Uma frequência cada vez maior de acontecimentos inesperados e brutais nas suas consequências, num contexto que tornou anacrónica a nossa organização social e económica, cujos princípios basilares remontam aos anos 50 do século XX.
E agora?
Daniel Traça elenca duas urgências essenciais: “Por um lado, criar um diferente enquadramento organizacional nas nossas sociedades, novas instituições que nos permitam lidar com todas estas forças desordenadas, com este caos, e, por outro, fortalecer a nossa própria capacidade individual e das nossas organizações”. E uma noção chave: “O mundo é fundamentalmente novo e são necessárias ideias fundamentalmente novas”.
Este não é um desafio desconhecido, nem insuperável para a Humanidade, considera Daniel Traça. A História contemporânea dá-nos exemplos tão claros como as mutações do tecido socioeconómico após a Revolução Industrial, os modelos de organização política que introduziram fortes disrupções no início do século XX, ou as correntes de pensamento após a grande depressão dos anos 20 do século passado, para além das reformas globais e institucionais a seguir à segunda guerra mundial. O problema é que, a partir daí, “o pensamento, nomeadamente o pensamento económico, praticamente estagnou”.

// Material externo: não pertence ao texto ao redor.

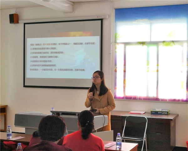 3月4日下午,精品酒店舔比视频、洛江区妇联在后溪村综合文化服务中心联合开展《婚姻家庭纠纷预防化解 女性如何维权》的专题讲座,精品酒店舔比视频教师林媛为与会人员作报告。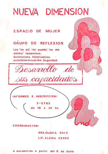 Folleto difusión espacio de mujer y grupo de reflexión: «Desarrollo de sus capacidades»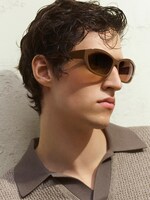 • Person wearing a black zip-up sweater, blue shirt, black pants, and brown shoes, standing against a plain white background.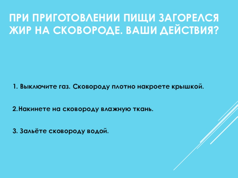 Слайд 32ПРИ ПРИГОТОВЛЕНИИ ПИЩИ ЗАГОРЕЛСЯ ЖИР НА СКОВОРОДЕ. ВАШИ ДЕЙСТВИЯ?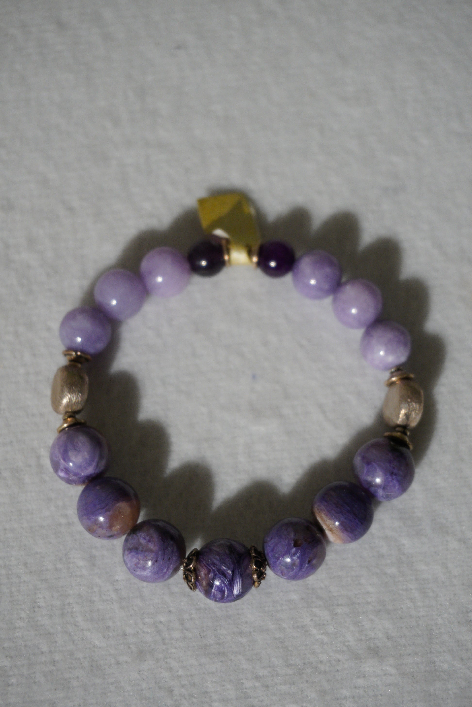 Bransoletka charoite, ametyst, srebro 925, na gumce

Hoje, o professor catedrático de Economia considera absolutamente imprescindível recuperar a “criatividade que dê origem a novas respostas”. E, refere, “vejo poucas ideias novas a surgirem”. Se, nas empresas, a questão é quase depuradora – “as empresas que tiverem uma grande ideia sobrevivem, as que não o conseguirem saem do mercado” –, ao nível dos Estados, a necessidade de reformas, na abordagem e nas soluções, é ainda mais determinante, pela forma como isso afeta a vida das sociedades mundiais, seja na redistribuição do rendimento, nos cuidados de saúde ou na regulação nacional e internacional.
“A capacidade de gerar novas respostas para lidar com este mundo novo que se criou com a globalização, com a tecnologia e com as alterações climáticas, é ainda mais importante nos Estados”, vinca Daniel Traça. “E o que nós temos hoje em dia é uma cada vez menor capacidade de gestão e de renovação de quem está nos governos, enquanto vemos uma perda de confiança dos cidadãos, com uma ligação direta ao crescimento de fenómenos como o populismo”.
“Se não se repuserem instituições que voltem a trazer alguma estabilidade e previsibilidade à vida das pessoas, caminharemos para um aumento do nível de desespero, até porque a nossa capacidade para lidar com ‘cisnes negros’ tem limites, conduzindo a ciclos de medo”, reflete.
Daniel Traça considera que não estamos perante uma inevitabilidade. E que as soluções residem em nós. “Já estivemos aqui antes”, comenta, para concluir: “A História mostra-nos que, no passado, tivemos a capacidade para agir rapidamente e lidar com a mudança. E que o mundo que resultou dessa mobilização coletiva foi sempre melhor”.